Showing posts with label Menina Cottin. Show all posts
Showing posts with label Menina Cottin. Show all posts

Tuesday, January 9, 2018

January Braille Literacy Awareness Month

January is Braille Literacy Awareness Month. It is designated as such in honour of  Louis Braille who originally developed the Braille code that enables blind people to read.  Louis Braille was born on January 4, 1809. 
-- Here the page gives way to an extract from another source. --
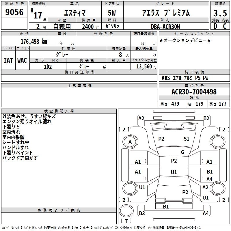 TOYOTA ESTIMA 2005 г., лот № 9056

Literacy plays such a big role in both my private and working life that I would be devastated to lose the ability to read or write. To be born blind and not be able to read is something I only get to contemplate through reading. It has fascinated me though as a topic for picture books and I have shared many wonderful books with the young children I teach.  My Year 2 students are fascinated by the story of Annie Sullivan and Helen Keller and these two books, Helen's Big World  by Doreen Rappaport and Annie and Helen  by Deborah Hopkinson are borrowed often. Because of this I purchased Six Dots, the picture book about Braille by Jen Bryant and it too has been popular. Up until this beautiful book was published anything my students gleaned about Braille came from some crusty old readers or from the internet. We do however have a couple of books which feature Braille.
Look for:
The Black Book of Colours  by Menena Cottin
This book has remarkable illustrations done with raised lines. Braille letters accompany the illustrations and a full Braille alphabet offers sighted readers help reading along with their fingers.

Private and Confidential by Marion Ripley
Here Laura learns Braille so that she can send her blind penpal a letter.





Tuesday, June 1, 2010

4th June



Tomorrow is Odd Socks Day, a day which was created to increase the awareness of blindness and vision impairment within our community. For a person who is blind not being able to see colours can be very distressing. Just choosing matching socks is one of the many challenges they face.

This is a good time to have children experience a life that is different from their own. Ask children how they know something is red, blue, green etc? Listen to what they say and how much emphasis they put on 'seeing'. Then introduce The Black Book of Colours by Menina Cottin and Rosana Faria. This extraordinary book emphasises other ways of 'seeing' using the other four senses in the way that a blind child needs to. The format makes this book unique. All the pages are black. The text is written firstly in Braille and then in a white font. The illustrations are textured rather than coloured. Reading this book is very different from reading other picture books and it should lead to some very interesting discussion.